TO OUR CHILDREN AND GRANDCHILDREN: DO NOT READ THIS UNTIL CHRISTMAS!
Thanksgiving
I remember learning about a piano term called a rolled chord, where the notes of the chord are not played all at once, but one at a time in succession. I’d heard them played before, but I did not know the term. I just thought it was a jazz thing.
This year Kim and I are having a Rolled Thanksgiving. We decided not to invite anyone to dinner because of our vulnerability to the pandemic, and for the same reason we declined Scott’s invitation for a large Thanksgiving event, one that ended up including 19 people in what appeared, from the photos, to be a super-spread.
Instead, we had an elegant candlelight chicken dinner about a week before Thanksgiving. Just the two of us. We toasted with wine and thanked each other. Then, the day after Thanksgiving, we picked up a gourmet turkey dinner prepared at one of our favorite Traverse City restaurants, S2S (Sugar to Salt). We took it home and reheated it, and the leftovers will keep on giving.
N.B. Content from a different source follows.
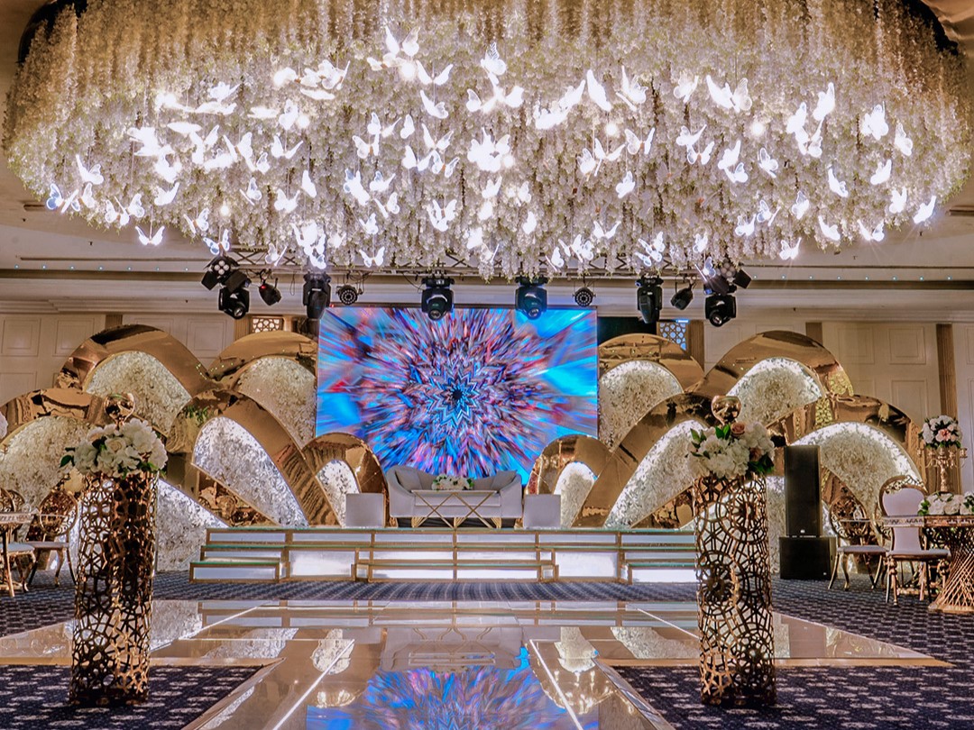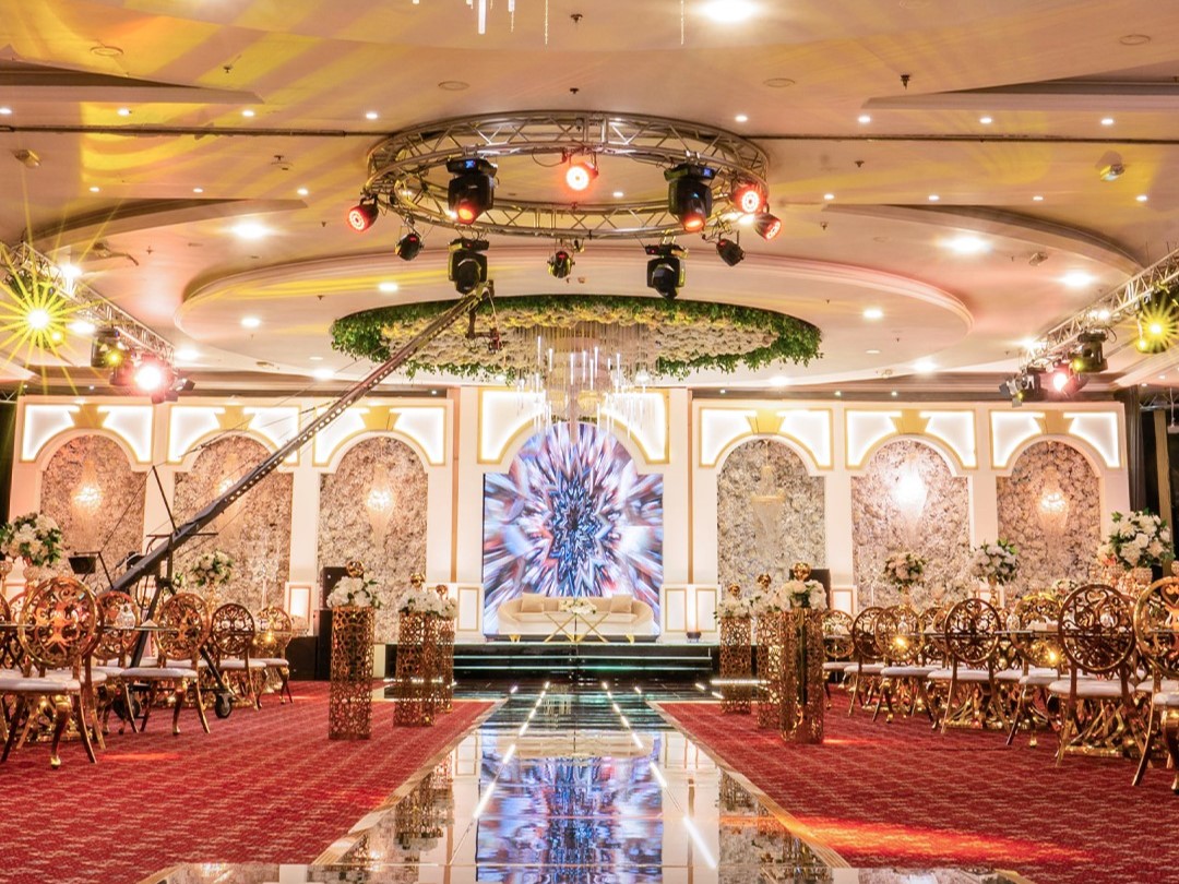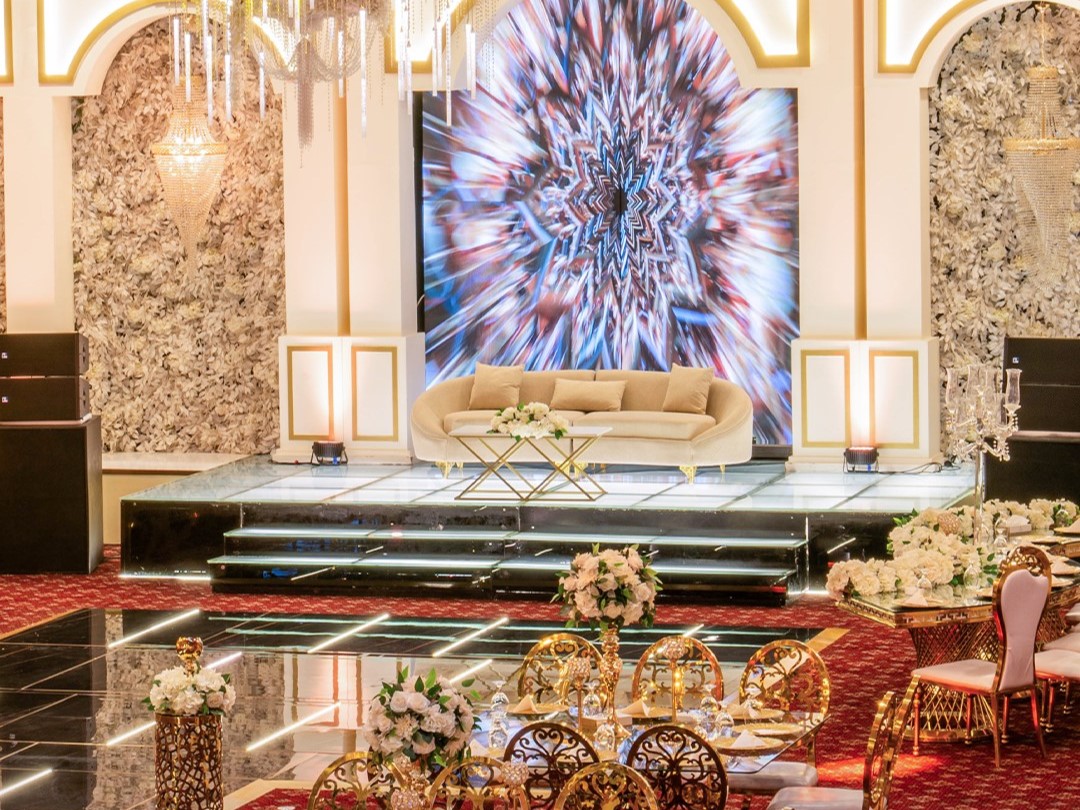 تم تصميم القاعة بأحدث أنظمة الإضاءة والصوت لتمنح أجواء راقية ومبهرة،

On Thanksgiving Day itself we reheated some frozen pasties, a Northern Michigan specialty that will probably not become our new Thanksgiving tradition.
But that’s just about food. Thanksgiving is really about thanks and giving. Yes, we made a donation to a local foodbank after watching news reports on the long lines of people who could not afford food. And no, we did not volunteer to work there – the pandemic, etc. And though I’ve given blood regularly for years, these days I have stopped, guiltily, because of the risks I might bring home. How else to give?
As I write this, I hear Kim pounding nails in her studio. She is making a piece of sculpture for a friend. And we spent last week making Christmas cards to send out, cards featuring a photograph of a wreath Kim designed and made. (I say “we” because I printed and licked the envelopes.) And she designed and built gifts for her kids and grandkids – “treasure boxes” for them to store stuff that will give them pleasure when they are having a bad day, reminding them that they are loved. And she has started to design and assemble her annual ornaments made from wooden clothespins, angels with wings made of closely folded sheet music.
Kim is giving by radiating her love out into the world through what she creates, in addition to what she radiates in her role as Mama Kim, accomplished, these days, mostly on the phone. I write stuff. Not what Bill and Melinda Gates are doing, but it’s what we are doing. Giving Tuesday is a great idea, but the problem is the temptation to say, on Wednesday, “glad to have that out of the way – let’s go shopping.” It is nice, however, to see spending money as stimulating the economy and creating jobs.
When you are experiencing a Rolled Thanksgiving, every day is Thanksgiving. So, thanks. And find a way to be giving . . ..
We had a pre Thanksgiving dinner outdoors on our patio in Oct with 4 friends. Cooked a turkey on the Weber grill. On Thanksgiving, chicken dinner for 2.
ReplyDeleteHave happy hour on the patio with 2 different friends about every 2 weeks. Have a patio heater, fire pit, and chiminea and dress warm. You learn to adapt
and still live your life and forget your age. Kim is so creative and productive. Stay safe and well.